Mobile phone data are a treasure-trove for development
Paul van der Boor and Amy Wesolowski in SciDevNet: “Each of us generates streams of digital information — a digital ‘exhaust trail’ that provides real-time information to guide decisions that affect our lives. For example, Google informs us about traffic by using both its ‘My Location’ feature on mobile phones and third-party databases to aggregate location data. BBVA, one of Spain’s largest banks, analyses transactions such as credit card payments as well as ATM withdrawals to find out when and where peak spending occurs.This type of data harvest is of great value. But, often, there is so much data that its owners lack the know-how to process it and fail to realise its potential value to policymakers.
Meanwhile, many countries, particularly in the developing world, have a dearth of information. In resource-poor nations, the public sector often lives in an analogue world where piles of paper impede operations and policymakers are hindered by uncertainty about their own strengths and capabilities.Nonetheless, mobile phones have quickly pervaded the lives of even the poorest: 75 per cent of the world’s 5.5 billion mobile subscriptions are in emerging markets. These people are also generating digital trails of anything from their movements to mobile phone top-up patterns. It may seem that putting this information to use would take vast analytical capacity. But using relatively simple methods, researchers can analyse existing mobile phone data, especially in poor countries, to improve decision-making.
Think of existing, available data as low-hanging fruit that we — two graduate students — could analyse in less than a month. This is not a test of data-scientist prowess, but more a way of saying that anyone could do it.

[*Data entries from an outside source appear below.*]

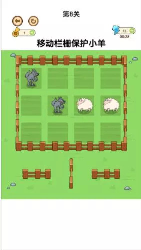 2、核心玩法要求玩家巧妙布置围栏,一旦小羊被狼群包围就会宣告失败,这种紧张感让游戏更具可玩性。
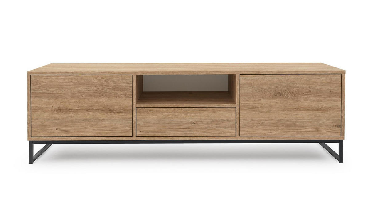 Der RTV-Schrank GENUA ist die perfekte Lösung für moderne und stilvolle Innenräume. Die Farbgebung in Eiche verleiht ihm Eleganz und Wärme, während der schwarze hohe Rahmen einen modernen Touch verleiht. Das Möbel ist mit zwei geräumigen Schränken mit Türen ausgestattet, in denen Sie Ihr Zubehör unterbringen können, sowie mit einer Schublade für zusätzliche Gegenstände. Das offene Regal ermöglicht die bequeme Aufbewahrung Ihrer RTV-Ausrüstung und bietet einen einfachen Zugriff auf Ihre Geräte. Der aus laminierter Möbelplatte gefertigte Schrank ist langlebig und pflegeleicht, während die kunststoffgeschützten Kanten vor Beschädigungen schützen. Hochwertige Scharniere garantieren eine komfortable Nutzung. Entscheiden Sie sich für den Schrank GENUA und verleihen Sie Ihrem Wohnzimmer einen modernen Touch.
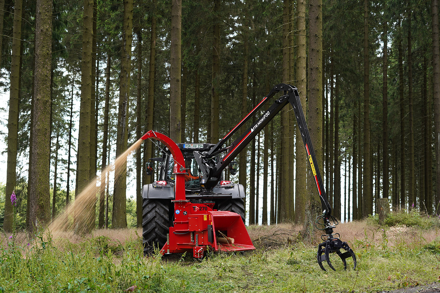 Датската дробилка TP270PTO-К е подходяща за раздробяване на храсти и клони с диаметър до 270 мм и е предназначена за заден монтаж на трактори с мощност между 100 и 200 кс. Задвижването става от силоотводния вал на трактора при 1000мин-1. Дробилката е оборудвана с две хоризонтални хидравлични захранващи ролки.
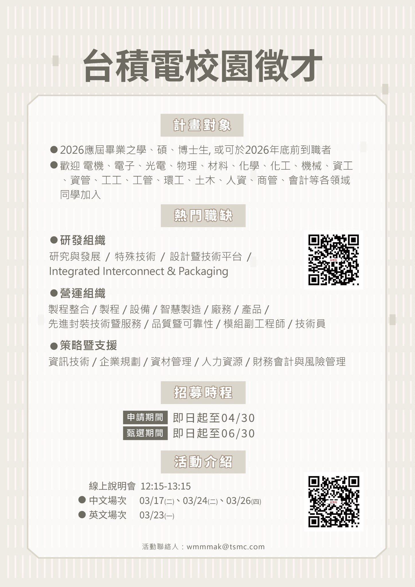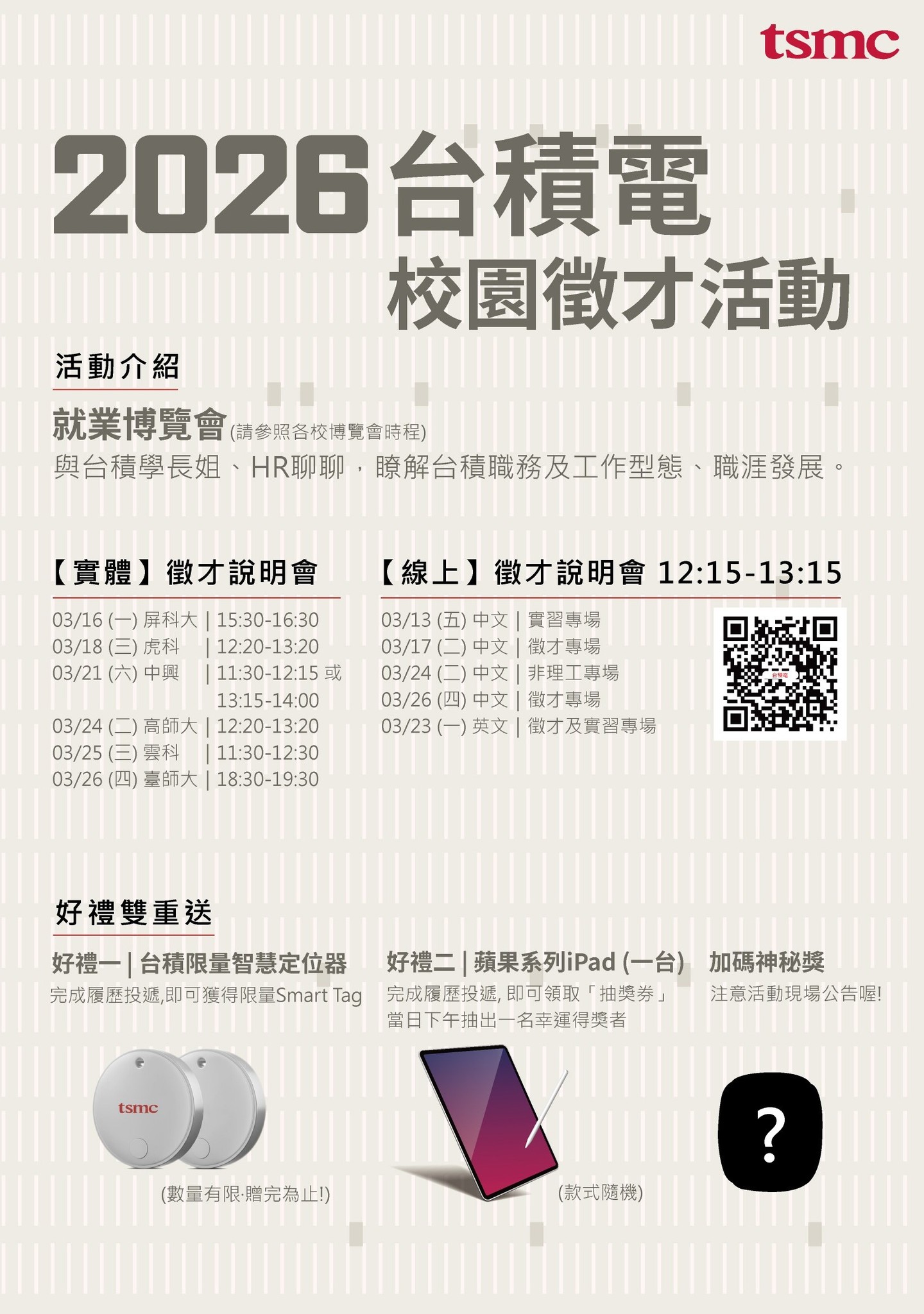 2026年台積電實習招募計畫×說明會,詳細請參閱附件。
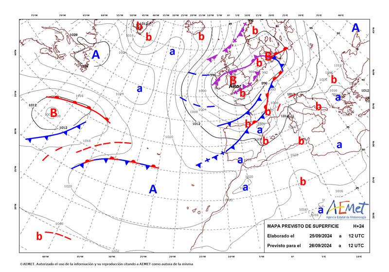La borrasca Aitor mantiene hoy a Galicia en alerta naranja -con riesgo importante- por lluvias de hasta 120 litros en doce horas, viento y oleaje, aunque en breve reducirá el nivel a amarillo, color que también han activado otras once comunidades del país, especialmente del noroeste por alguna o varias de esas inclemencias.
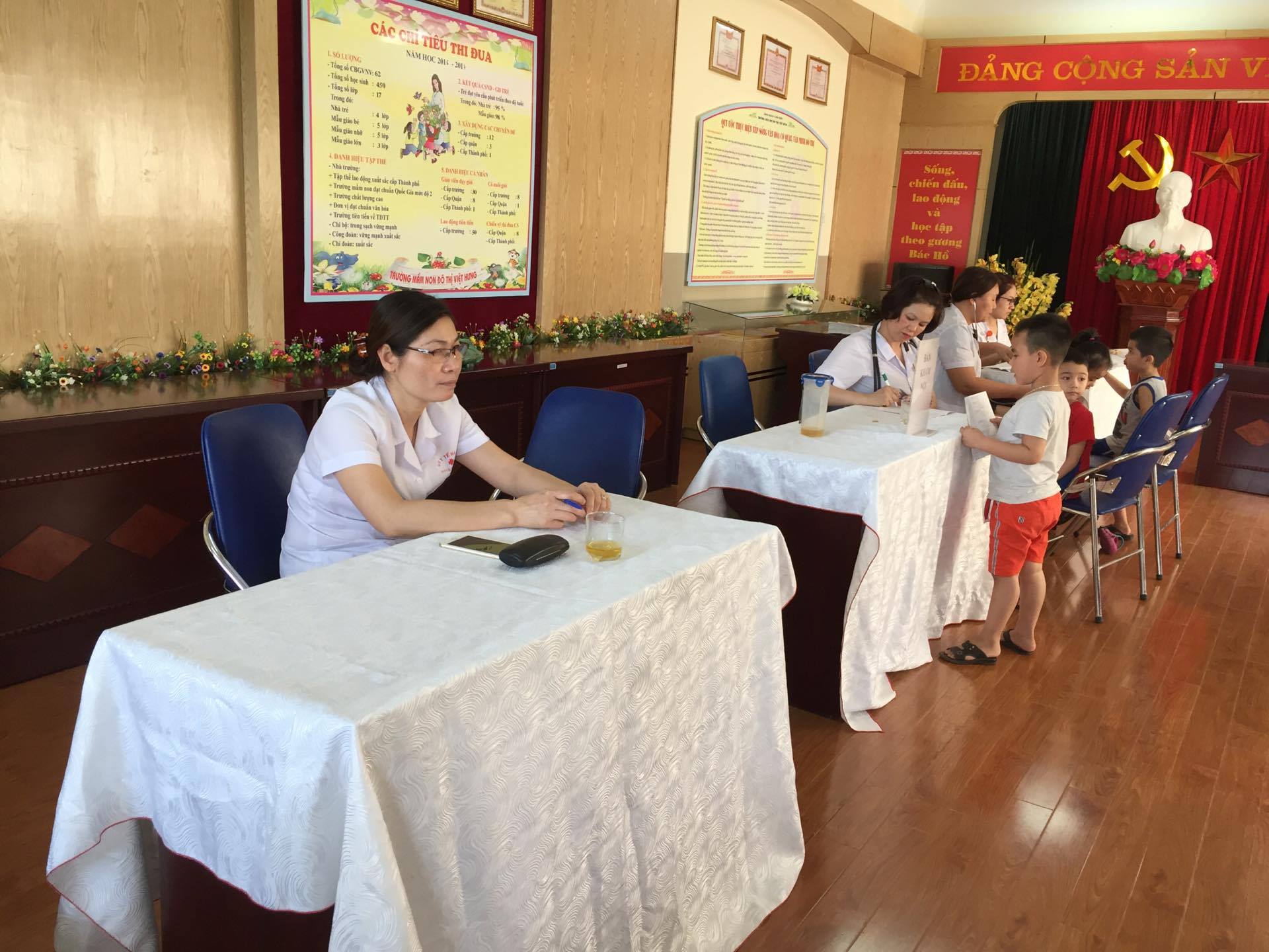 Các bé xếp hàng để bác sĩ khám
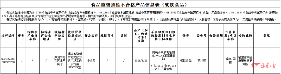 漳州市龍文區(qū)漳李餐廳的小食盤(消毒日期為2021年6月23日),陰離子合成洗滌劑(以十二烷基苯磺酸鈉計)不合格,檢驗機(jī)構(gòu)為福建省產(chǎn)品質(zhì)量檢驗研究院。
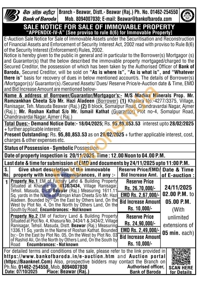 Property No.1 EM of Factory Land & Building Property Situated at Khasara No. 4178/3434, Village Ranisagar, Tehsil. Masuda, Distt. Beawar (Raj.) Measuring 1611.11 Sq. yards in the Name of Ramjan khan Cheeta S/o Mr. Hazi Aladeen. Bounded by:- On the East by Others land, On the West by Plot No. 4, On the North by Others Land, On the South by Road; Encumbrances: - Not known
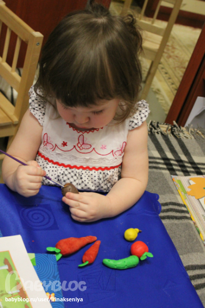 Рисовали красками через трафарет, лепили))Ксюша усердно пытается сделать картошку похожей на картошку)))
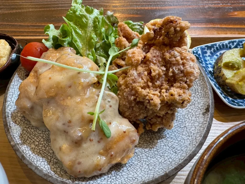 定番メニューの中から、1番人気のとりマスタードとからあげどちらも楽しめる「ハーフ」の定食をいただきます!
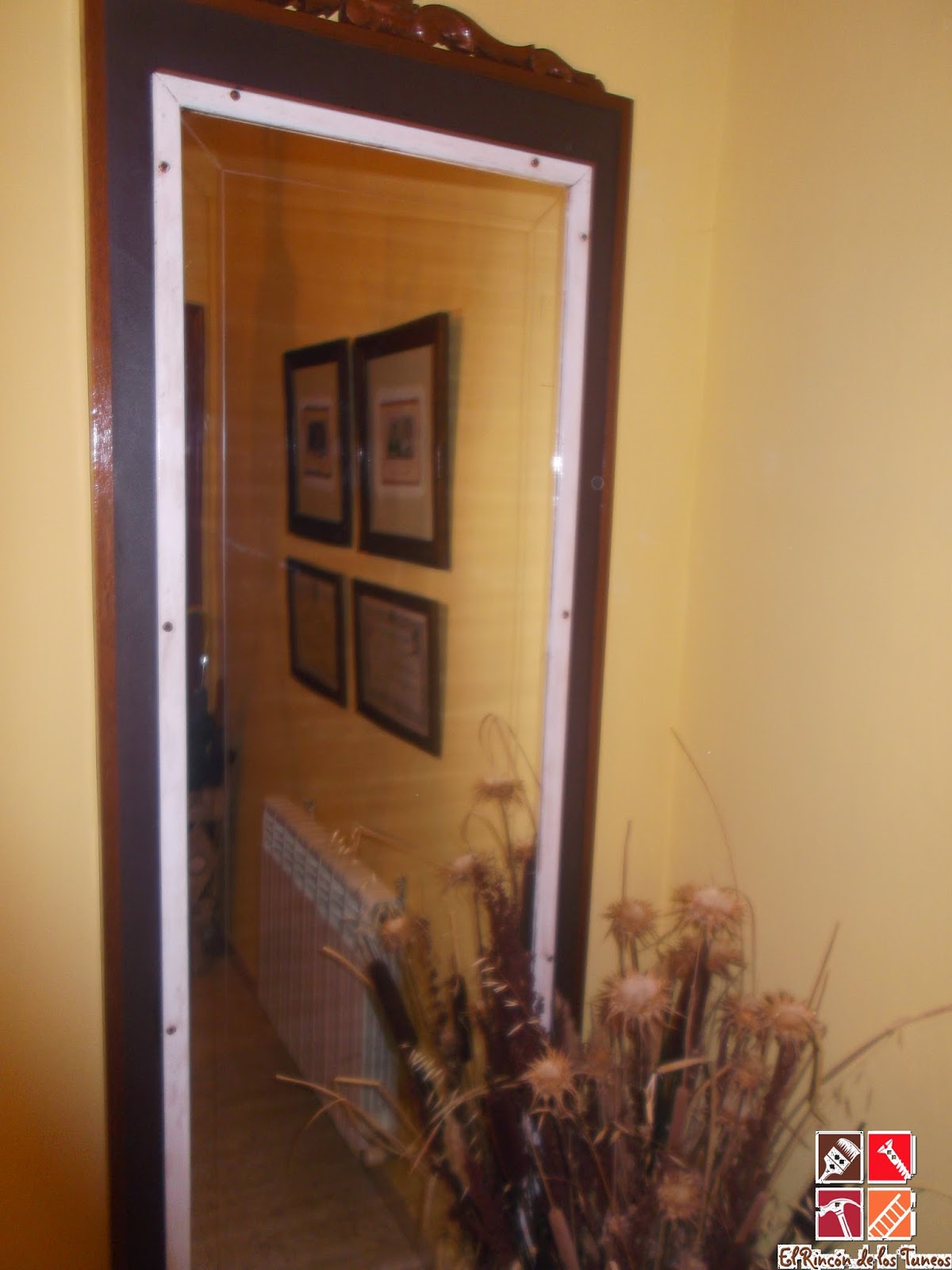- Para el recuadro interior pinté con esmalte blanco roto envejeciéndolo un poco con betún de judea y pintando los tornillos con marrón oscuro para resaltarlos.
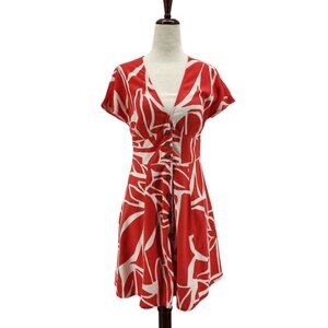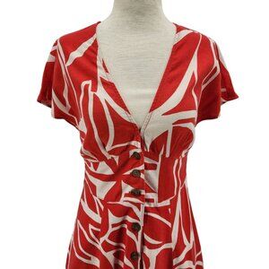 MSRP $138.00 - Short sleeve V neck A line mini dress. Shade of red with an ivory tropical retro pattern. Buttons down the front with a clasp at the neckline. 2 side pockets. Elastic on back of waist. 54% Hemp, 44% Tencel Lyocell & 2% Spandex. Boho, bohemian, party, going out, travel, vacation, Hawaiian, Hawaii, Aloha, dressy casual, date night
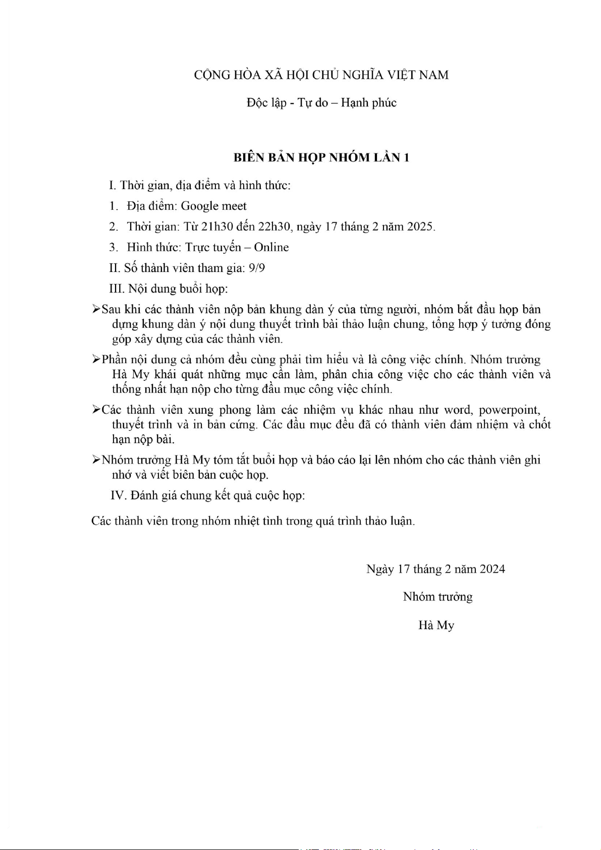 BIÊN BẢN PHÂN CÔNG NHIỆM VỤ T Họ và tên Nhiệm vụ
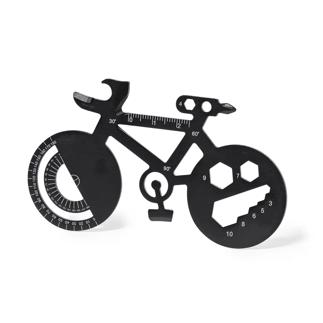 Original y práctica multiherramienta en acero inox con forma de bicicleta. Con 16 funciones, entre otras: destornillador de punta plana y philips, llave para tuercas hexagonales en varios tamaños, regla, transportador de ángulos y abrebotellas. Presentada en bolsa de papel reciclada.
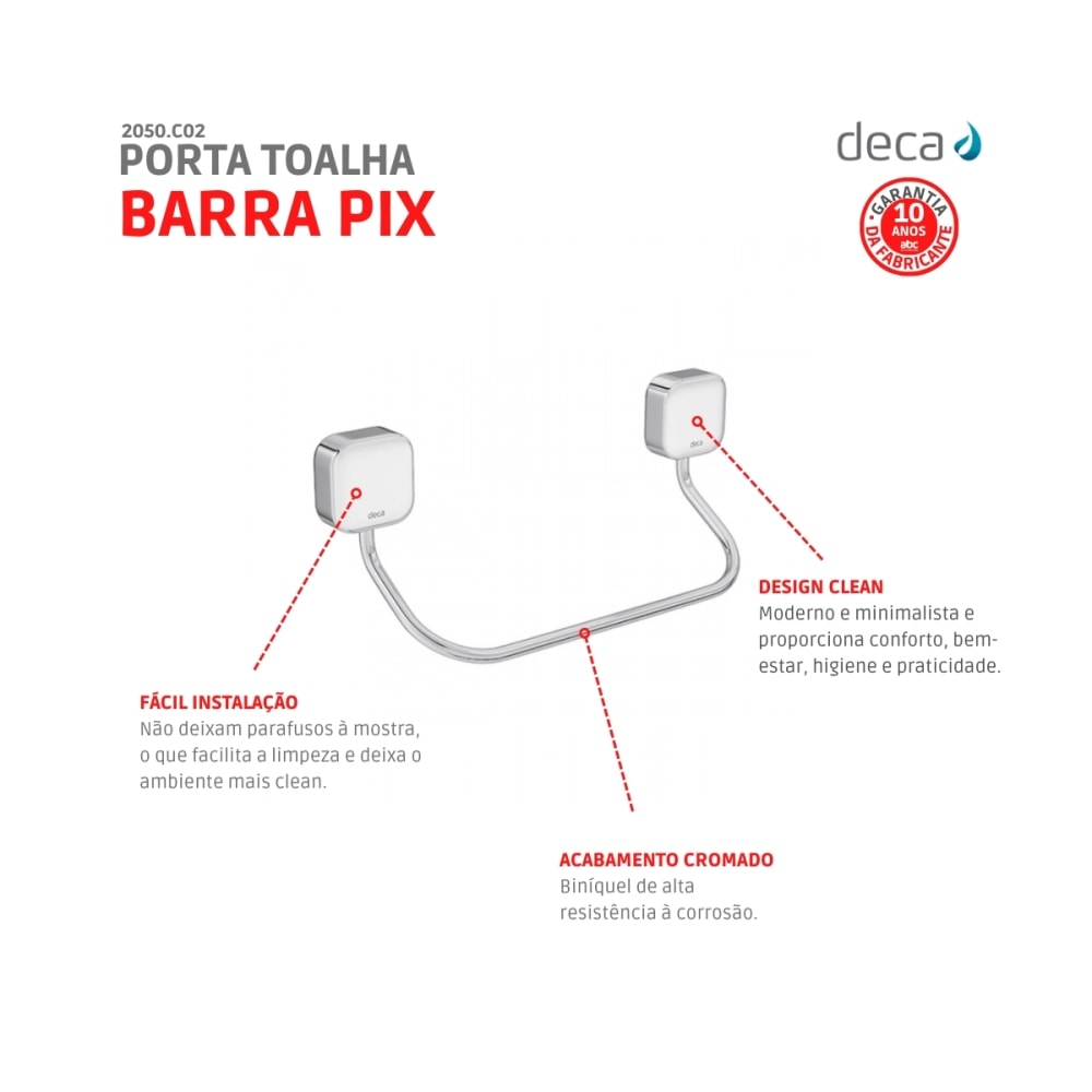 A linha de acessórios Pix da Deca oferece uma harmonia perfeita de linhas retas, trazendo elegância e estilo para o seu banheiro. Com seu design exclusivo, este porta toalha é a escolha ideal para quem busca praticidade, qualidade e um visual bonito. O porta toalha Pix oferece o que há de melhor em acessórios para o seu banheiro. Com a durabilidade e qualidade que são marcas registradas da Deca, essas peças adicionam beleza e elegância ao ambiente.

There are three areas that should be ‘low-hanging fruit’ in terms of their potential to dramatically improve decision-making in information-poor countries: coupling healthcare data with mobile phone data to predict disease outbreaks; using mobile phone money transactions and top-up data to assess economic growth; and predicting travel patterns after a natural disaster using historical movement patterns from mobile phone data to design robust response programmes.
Another possibility is using call-data records to analyse urban movement to identify traffic congestion points. Nationally, this can be used to prioritise infrastructure projects such as road expansion and bridge building.
The information that these analyses could provide would be lifesaving — not just informative or revenue-increasing, like much of this work currently performed in developed countries.
But some work of high social value is being done. For example, different teams of European and US researchers are trying to estimate the links between mobile phone use and regional economic development. They are using various techniques, such as merging night-time satellite imagery from NASA with mobile phone data to create behavioural fingerprints. They have found that this may be a cost-effective way to understand a country’s economic activity and, potentially, guide government spending.
Another example is given by researchers (including one of this article’s authors) who have analysed call-data records from subscribers in Kenya to understand malaria transmission within the country and design better strategies for its elimination. [1]
In this study, published in Science, the location data of the mobile phones of more than 14 million Kenyan subscribers was combined with national malaria prevalence data. After identifying the sources and sinks of malaria parasites and overlaying these with phone movements, analysis was used to identify likely transmission corridors. UK scientists later used similar methods to create different epidemic scenarios for the Côte d’Ivoire.”